The problems Blair recounts can mostly be traced back to cheap fixtures.

Just from a specification standpoint, I'd recommend people take a look at the strip light source I originally posted: AC 5050 SMD LED Strip Lights

- Intensity: You can see from my photos that these lights are pretty bright. If you buy the cheapest LED rope lights available on Ebay, you'll likely find they aren't bright enough and the LEDs are strung together in the tube in random fashion. The SMD lights are secured in a fixed mounting array so they all aim in the same direction, also per the notes and photos in my original post.

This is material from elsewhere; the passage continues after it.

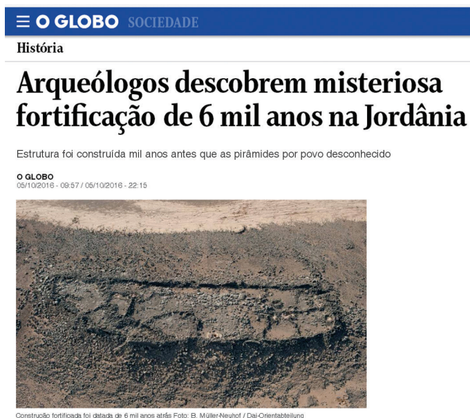
Figura 3.4: Notícia divulgada no dia 6 de outubro de 2016.
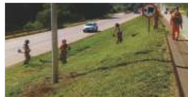
Conservação contínua da rodovia

- Yellowing with age: Another reason not to buy the cheapest light out there. I haven't seen any such reports for this specific brand of lights although I'm sure it's likely with cheap products. Yellowing of certain plastics is also a factor of exposure to UV light, among other things, and the layout is well protected from the sun's UV output. These lights aren't on for hours and days on end so that type of wear and tear, due to aging, is not a major factor either.

- Power supply: A look at the source I mentioned and the purchase options reveals these strips are available up to 150 feet long so you don't need a power supply every 6 feet or whatever the cheap units call for. They are also available in many smaller sizes ranging from 3 feet on up. There are fittings you can use to join smaller pieces end to end so, for example, you join a 12 foot and a 3 foot to fit your desired 15 foot space. That made it possible to cover our layout's lower deck with just as much strip light as we needed without any wasted strip length.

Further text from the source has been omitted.